Antitrust laws generally permit the exchange of statistics provided the exchange does not result in an anti-competitive effect. Data on current or future pricing plans, for example, should never be exchanged or published.

Statistics reflecting past costs paid by members, but not revealing individual members’ responses, may be collected and distributed to participants with the guidance of counsel.

Statistical reports issued by PPPC have been carefully designed in collaboration with antitrust counsel and are believed to be in conformity with the various principles in that regard which have been laid down in the case law and guidelines issued by antitrust authorities.

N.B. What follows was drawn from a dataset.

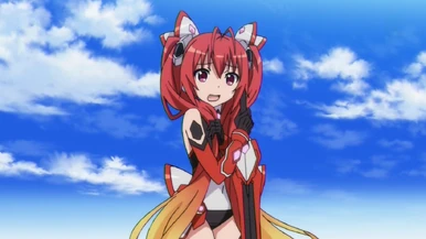 Her hair is slightly brighter than Sōji's, and it splits downward to her feet and burns into a fiery orangish as it makes its fashion down her body. She has red optics, unlike Soji's completely orangish eyes. Her accommodate consists of her Ribbons that dissever her hair into Twintails. She wears a cerise necklace effectually her neck with a crystal in the center. She wears a black and white swimsuit. On her ,arms she wears black metal cuffs with leather black gloves on her fingers. On her ,legs she wears blackness tights that are red at the acme and over her tights she wears long metal boots that are ruby-red, black, and white.

The matter is kept constantly under review by PPPC staff and counsel.

Social events

Members’ representatives should avoid discussion of business matters outside formal meetings, including social events. PPPC may organize a social event on occasion. In such cases, the following guidelines and procedures will apply:

  • 1. Social gatherings organized by PPPC are limited to luncheons, dinners or receptions taking place immediately before or after a regular meeting or conference. Their purpose is purely social and not to discuss industry matters.

  • 2. At the end of a meeting or conference, prior to gathering for lunch, counsel present at the meeting again reminds those present that the same precautionary rules apply during lunch as at the meeting itself. At a dinner gathering prior to a meeting or conference, the reminder will be given at the commencement of the dinner.

  • 3. Counsel and staff members will be present at social events and, as in the case of regular meetings, will intervene immediately should conversation border on inappropriate subjects.